# I like you a lot



## dragonfly_86

Hello, please someone here could help with this, I'd like to know how to say " I like you a lot" not " I love you" it's like when you get a crush on someone you met some time ago and you're getting to know this person and you like a lot the way they are 

Dankjewel!


----------



## iKevin

''Ik vind je erg leuk'' or ''Ik mag jou graag''...


----------



## realswift

You could also say:

Ik heb je heel graag 

But the other two provided by ikevin are also good


----------



## Kayla321

In The Netherlands you should definitely NOT say "ik heb jou heel graag"!!! O_O That sounds like you want to grab the girl and hop into bed immediately.


----------



## Joannes

Kayla321 said:


> In The Netherlands you should definitely NOT say "ik heb jou heel graag"!!! O_O That sounds like you want to grab the girl and hop into bed immediately.

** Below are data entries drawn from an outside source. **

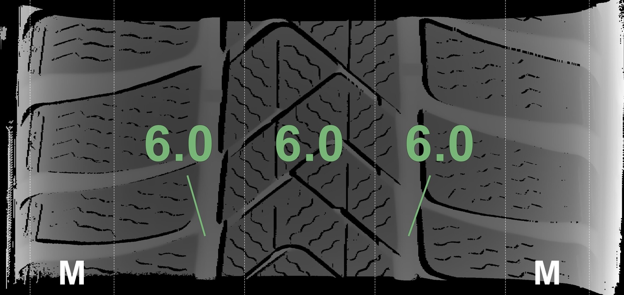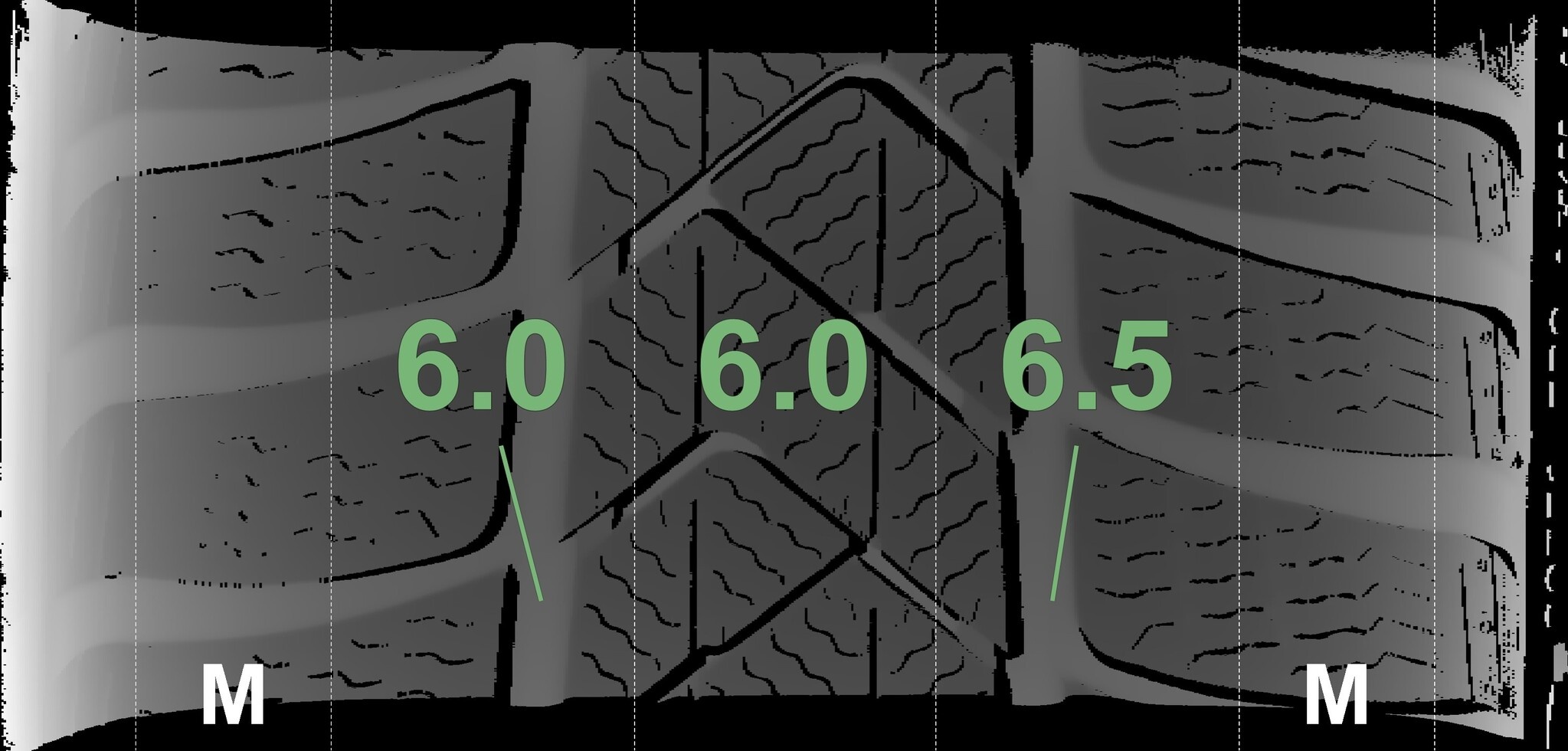 Die gemessenen Profiltiefen und die Details der Felgen sind oben dargestellt.
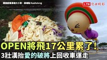 「OPEN將」飛17公里累了 3壯漢抬上回收車運走(讀者提供/翻攝畫面)
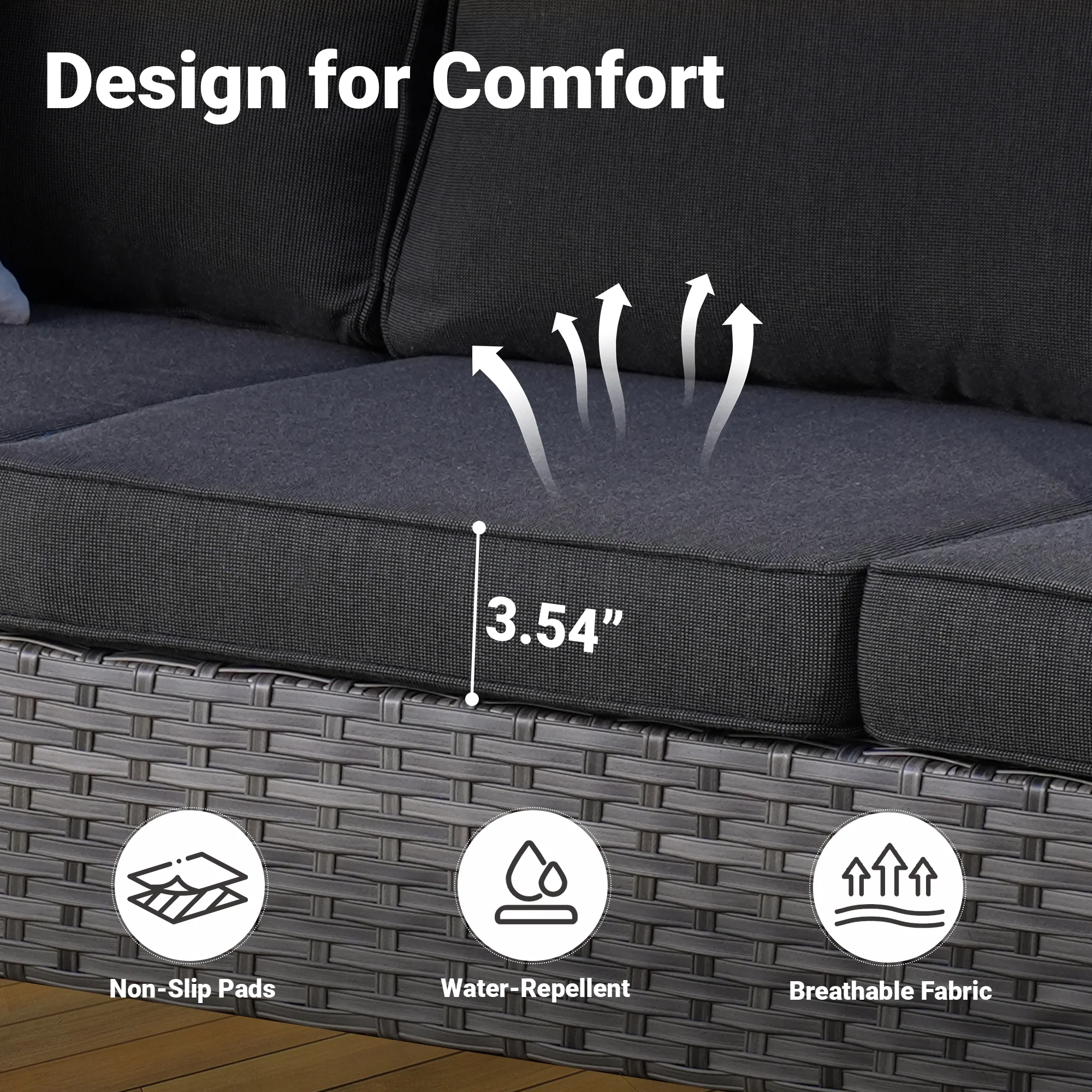 Sturdy & Practical:Indulge in a cozy yet modern experience with spacious armrests and deep seats. Long-lasting wicker guarantees durability, erasing worries of wear over time.
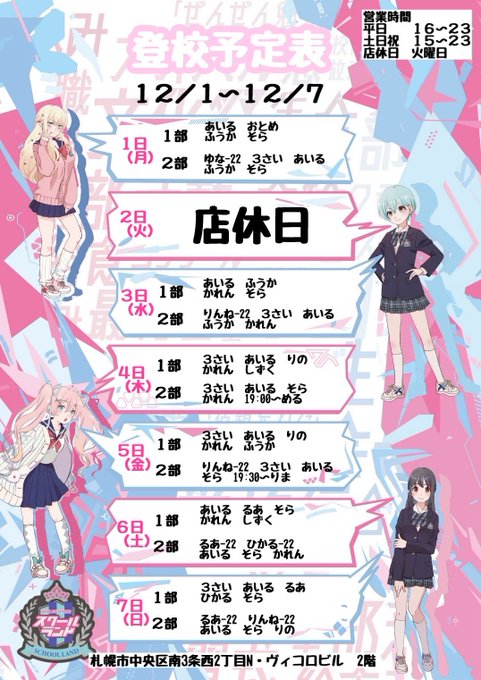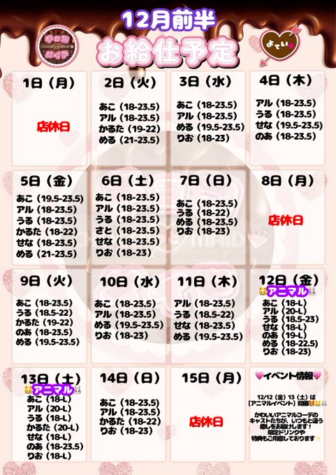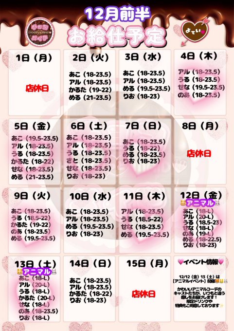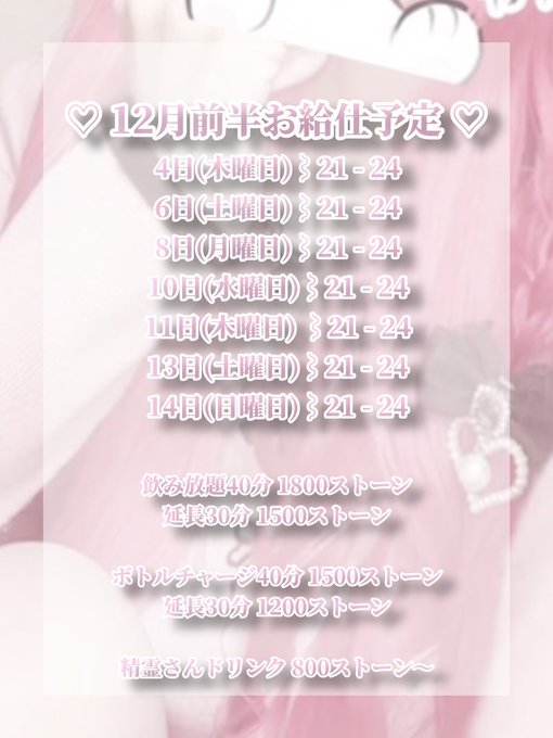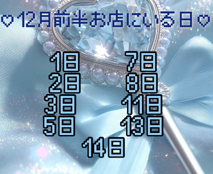 固定あすかデス@asuka_crystal·《♡12月前半お店にいる日♡》 沢山きてね🥺🩷 クリスマスもぼっち嫌だから出勤するつもり、、!! #琴似 #コンカフェ #ガルバ379
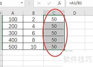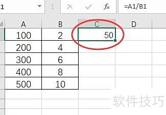 在C1单元格中输入公式:=A1/B1。
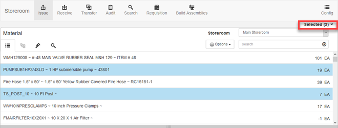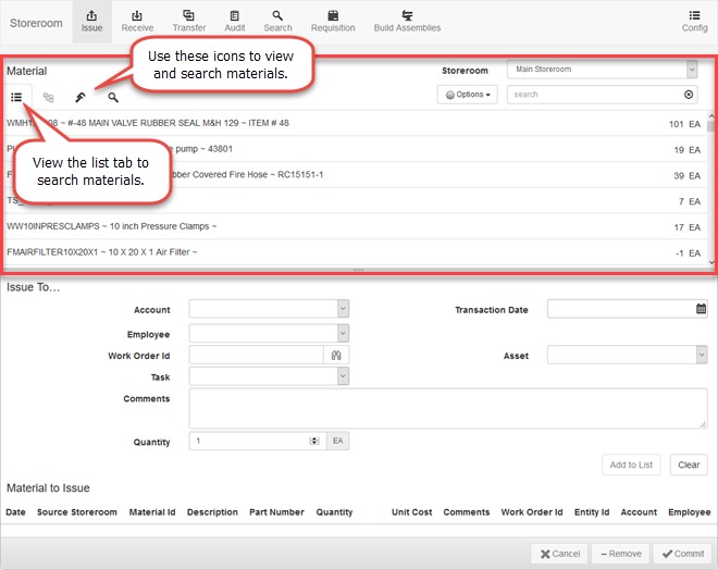 The Issue, Receive, Transfer, Audit, Search, Requisition, and Build Assemblies pages are split into two panels, the Material panel and the bottom panel that changes depending on the transaction being performed. The Material panel includes materials from the storeroom selected and can be used to select material in a variety of ways on all of these pages.
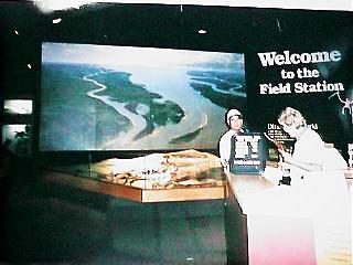 ”ダイナソ−州立公園”フィ−ルドステ −ション内の展示風景This displayis made up of fossils excavated from one of the manyCentrosaurus bone beds in Dinosaur Provincial Park. The remains of these large ceratopsian dinosaurs are preserved in vast assemblages of disarticulated bones of centrosaurs which appear to have drowned in a massive flooding event. How many different bones can you identify? If you would like to join one of our field crews working in one of these bone beds this summer check out our Field Experience '97. |
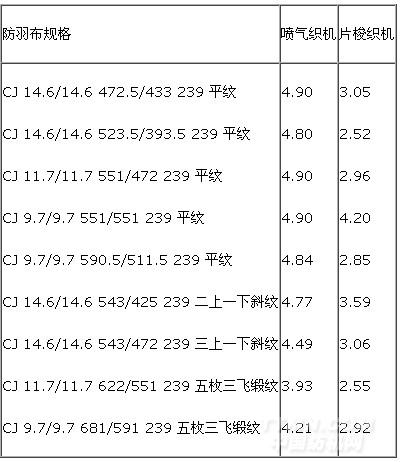 (5)噴氣織機(jī)的開口清晰度和織造張力都高于片梭織機(jī),織造同規(guī)格防羽布,噴氣防羽布的緯向縮率至少是片梭防羽布的1.15倍以上,工藝設(shè)計(jì)時(shí)要充分注意這個(gè)因素。
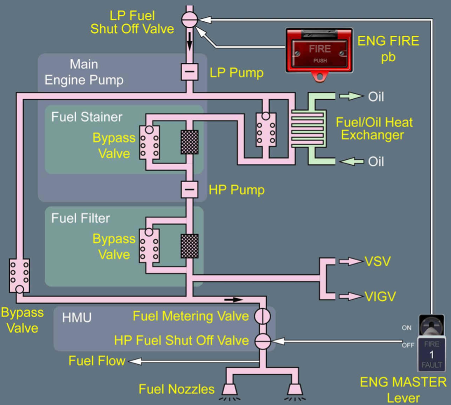 Depois que o combustível é bombeado pelas bombas do tanque, ele é encaminhado para a válvula de combustível de baixa pressão (LP), às vezes chamada de válvula spar. A partir daí, o combustível passa pelas bombas acionadas pelo motor. Algumas aeronaves possuem uma bomba de baixa pressão e uma bomba de alta pressão, acionadas pelo compressor de alta pressão do motor.
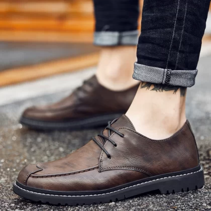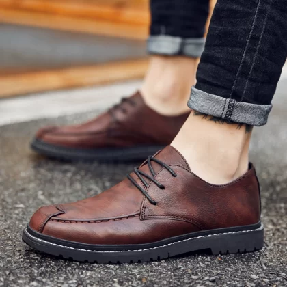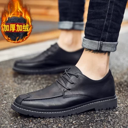 Polarized small leather shoes men’s Korean version of the trend increase business casual leather shoes men’s wild British retro Martin tide shoes
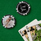 These custom poker chips feature your photo on one side for a personal touch, making them a unique keepsake. The text side is designed with a reversed color look, featuring a light background with dark fonts for a clean, high-contrast finish. The bride and groom’s names appear at the top, “Drink Token” is displayed in the center, and “One Free Well Drink” is placed at the bottom.
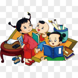 蓝色短袖灰色短裤女孩读书大大书本扁平风格
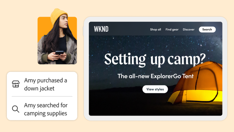 - 動態更新的店面: 透過將內容目標定位到您使用簡單規則定義的客戶細分群體,或向在 Adobe Real-Time CDP 中建立的基於 AI 的客群推送定向內容,從而個人化購物體驗。
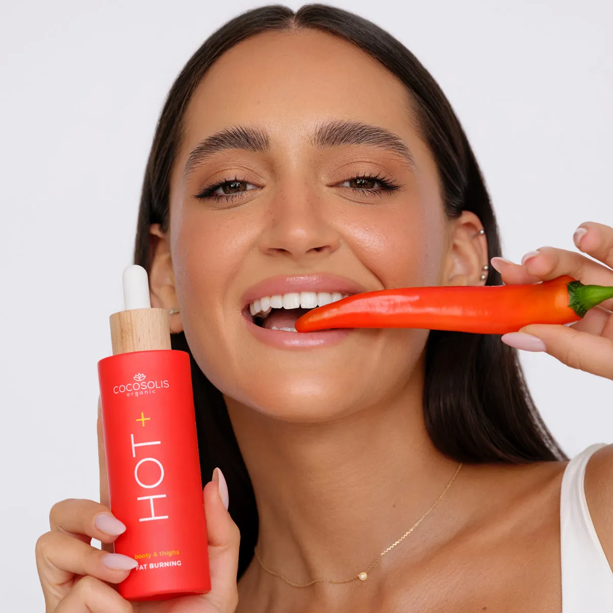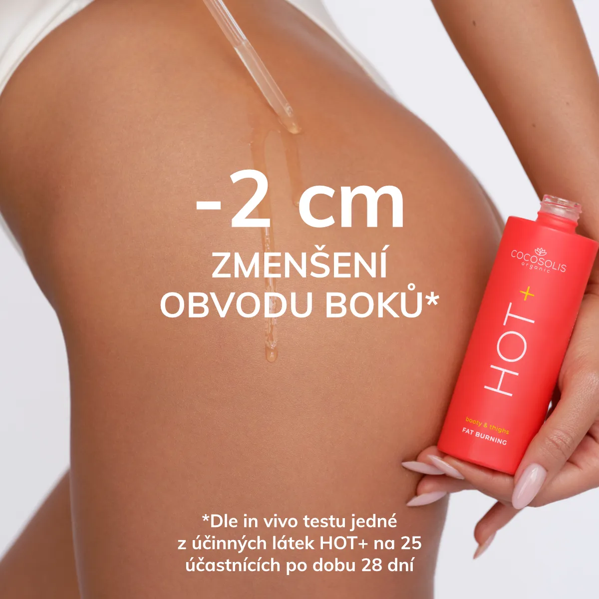 Zeštíhlující sérum Cocosolis Hot+ má inovativní složení s přírodními aktivními látkami, které působí synergicky. Podporuje spalování tuků, zabraňuje jejich opětovnému ukládání a redukuje projevy celulitidy. Je obohacen o hydratační složky a rostlinné extrakty. Stimuluje tvorbu kolagenu, vyhlazuje a tvaruje. Současně podporuje odvodnění, dodává pokožce antioxidanty a hydratuje ji. Zanechává pokožku hladkou a zářivou.

Who says it's about a girl? Although I don't think it changes much about your statement (except the sex of the person that one wants to grab and hop into bed with, and perhaps the statistical likelihood by which that would actually work ).


----------



## realswift

Maybe in the netherlands but not in belgium ;-)


----------



## Dutchie 020

Ik vind je erg leuk/Ik vind je heel leuk


----------



## kloie

Can i say Ik vind jou leuk? with jou instead of je?


----------



## Peterdg

kloie said:


> Can i say Ik vind jou leuk? with jou instead of je?


Yes, no problem.


----------